One important thing to remember is that the content is only written into a .profraw file is the program terminates correctly, calling exit handlers, and if the __llvm_profile_write_file() function is called. Our code base has a wrapper around that, pdns::coverage::dumpCoverageData(). This is especially important for us because our products often terminates by calling _exit(), bypassing the exit handlers, to avoid issues with the destruction order of global objects.

Generating Coverage Outside Of the CI

It is possible to generate a code coverage report without going through the CI, for example to test the coverage of a new feature in a given product.

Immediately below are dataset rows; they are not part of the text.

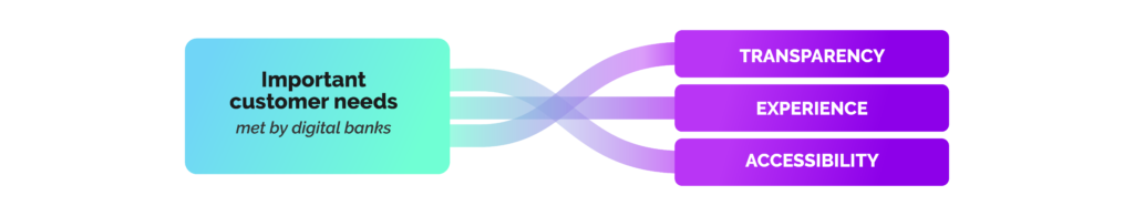For a start, digital banks tend to target digital native customers who, oftentimes, feel neglected by legacy banks. Some important customer needs met by digital banks include:
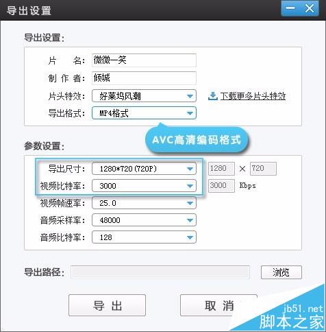 配音视频制作完成后,点击“导出视频”按钮,在弹出的“导出设置”对话框中,设置好导出的分辨率和比特率(PS:一般720P的MP4格式,比特率最好为3500Kbps以上),即可快速导出自己的配音作品!
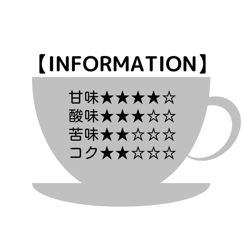 ダークチョコレートのような苦味から後に続く蜜のような甘さが特徴。後味には爽やかな酸味も感じられ、りんごをイメージさせるコーヒーです。
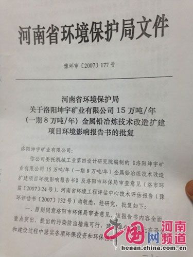 洛寧縣環(huán)保局環(huán)境監(jiān)察大隊夏隊長在接受中國網(wǎng)河南頻道采訪時稱:“永寧金鉛公司從2010開始試生產(chǎn)后,又進行兩次試生產(chǎn)并延期至2011年3月,在試生產(chǎn)結(jié)束后,企業(yè)多次向省環(huán)保部門申請環(huán)保驗收報告,由于多方面的原因,省廳不過來驗收我們也沒辦法,我們地方環(huán)保部門也只能做日常的環(huán)保監(jiān)管工作”。
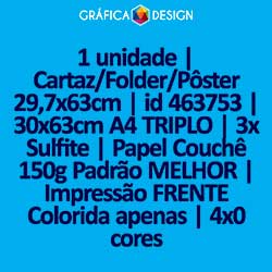 1 unidade | Cartaz/Folder/Pôster 29,7x63cm | id 463753 | 30x63cm A4 TRIPLO | 3x Sulfite | Papel Couchê 150g Padrão MELHOR | Impressão FRENTE Colorida apenas | 4x0 cores

Source-based Coverage With clang++

  • Run the configure script with the --enable-coverage=clang option, setting the CC and CXX environment variables to use the clang compiler: CC=clang CXX=clang++ ./configure --enable-coverage=clang
  • Compile the product as usual with: make
  • Run the test(s) that are expected to cover the new feature, via ./testrunner or make check for the unit tests, and the instructions of the corresponding regression-tests* directory for the regression tests. It is advised to set the LLVM_PROFILE_FILE environment variable in such a way that an invocation of the product do not override the results from the previous invocation. For example setting LLVM_PROFILE_FILE="/tmp/code-%p.profraw" will result in each invocation writing a new file into the /tmp directory, replacing %p with the process ID.
  • Merge the resulting *.profraw file into a single code.profdata file by running llvm-profdata merge -sparse -o /tmp/code.profdata /tmp/code-*.profraw
  • Generate a HTML report into the /tmp/html-report directory by running llvm-cov show --instr-profile /tmp/code.profdata -format html -output-dir /tmp/html-report -object </path/to/product/binary>

GCOV

  • Run the configure script with the --enable-coverage option, using either g++ or clang++: ./configure --enable-coverage
  • Compile as usual with: make. This will generate .gcno files along with the usual .o object files and the final binaries.
  • Run the test(s) that are expected to cover the new feature, via ./testrunner or make check for the unit tests, and the instructions of the corresponding regression-tests* directory for the regression tests. Note that the regression should not be run in parallel, as it would corrupt the .gcna files that will be generated in the process. For dnsdist, that means running pytest without the --dist=loadfile -n auto options.
  • Generate a HTML report using gcovr, or gcov then lcov

Remaining Tasks

The way our code coverage report is generated does not currently handle the different authoritative server tools (that end up in the pdns-tools package) very well. Consequently the coverage report for these tools, and the related code parts, is not accurate. It is likely possible to pass several --object </path/to/binary> options to llvm-cov when processing the .profdata file.